I. Membrane dynamics & trafficking
Membrane trafficking shuttles cargoes among intracellular compartments (a.k.a. organelles) using vesicles. This is fundamental process for the proper function of the cell, as proteins and lipids must be properly localized to perform their function. Our lab focuses on understanding how the intracellular trafficking is regulated under various physiological and pathological conditions. We recently found that polarized secretion is coordinately regulated by Rho GTPase, which is requried for rapid growth of cancer cell. Considering a growing list of diseases that are caused or exacerbated by alterations in membrane trafficking, we believe our trials to understand membrane dynamics and trafficking achieve to answer key questions about where and how diseases initiate.
II. Glycosylation in bio-medicine and bio-industry
Glycosylation is a major post-translational modification which involves protein stability and functionality in eukaryotic cells. In early studies, we found changes of glycosylation in various solid tumors including colorectal cancer and gastric cancer. Our lab keeps brodening our interest to understand how glycosylation contributes to other types of cancers such as bile duct cancer (cholandiocarcinoma) and ovarian cancer. This includes the studies using liquid biopsies for diagnosis and treatment by purifying extracellular vesicles with cancer specific glycosylation.

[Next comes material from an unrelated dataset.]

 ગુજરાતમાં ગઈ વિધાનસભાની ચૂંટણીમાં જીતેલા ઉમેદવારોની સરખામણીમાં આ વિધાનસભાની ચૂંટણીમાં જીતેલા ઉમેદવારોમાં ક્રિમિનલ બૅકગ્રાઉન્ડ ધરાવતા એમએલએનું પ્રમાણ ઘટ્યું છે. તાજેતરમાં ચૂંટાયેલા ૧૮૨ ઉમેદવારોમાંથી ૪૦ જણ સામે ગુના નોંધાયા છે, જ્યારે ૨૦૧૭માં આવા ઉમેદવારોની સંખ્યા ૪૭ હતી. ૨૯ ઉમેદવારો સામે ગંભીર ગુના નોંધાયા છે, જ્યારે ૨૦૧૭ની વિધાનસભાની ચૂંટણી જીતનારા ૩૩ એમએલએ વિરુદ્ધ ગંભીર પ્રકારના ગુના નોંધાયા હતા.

Glycosylation is important not only in biomedicine, but also in the bio-industry, as proper glycosylation is responsible for in vivo stability of the recombinant therapeutic proteins (e.g., antibody, and biologics). To obtain the desired glycosylation, we pursue to establish a genetically modified CHO cell line which can be used for biologic drug production. In particularly, our knowledge and experience allows us to improve the yield and quality by modifying the secretory and glycosylation pathway.

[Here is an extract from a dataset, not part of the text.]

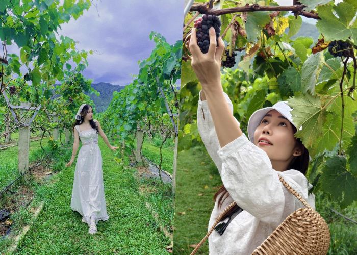 Check in tại vườn nho thung lũng Nam Yên, trải nghiệm đầu tiên mà du khách sẽ thích thú đó chính là cơ hội được check in trong vườn nho xanh mướt, trải dài dưới ánh nắng mặt trời. Bạn có thể dạng bước bên những hàng nho xanh mướt hoặc tạo dáng bên những chùm trĩu quả, bầu không khí ở đây vô cùng dễ chịu, kết hợp với sắc xanh của cây lá dưới ánh nắng mặt trời, càng khiến cho trải nghiệm thêm phần hoàn hảo. Với những tín đồ đam mê sống ảo thì chắc chắn cơ hội được thả dáng giữa một vườn nho đậm màu sắc đồng quê, ngắm những chùm trái cây lúc lỉu màu xanh, tím là bacgrouk hoàn hảo để ghi lại những bộ ảnh đẹp mang màu sắc vintage.

III. Organelle stress response
Eukaryotic cell regulates many cellular events in responds to environmental stresses. Over past decades, how the ER maintains protein and organelle homeostasis has been extensively studied. However, very little is known about how the quality and quantity of proteins are maintained until delivered to their final destination. Our ultimate goal is to understand how the Golgi complex controls the protein quality and quantity in the secretory pathway. Our recent approaches uncovered that the KDEL receptor, previously known as a cargo receptor, acts as a stress sensor by examining how much proteins enter the Golgi complex. Multiple approaches (e.g., x-ray structural analysis, EM tomography, glycomics and spatiotemporal interactome analysis) provide a better understanding of how the Golgi complex responds to the stress and acts for protein homeostasis.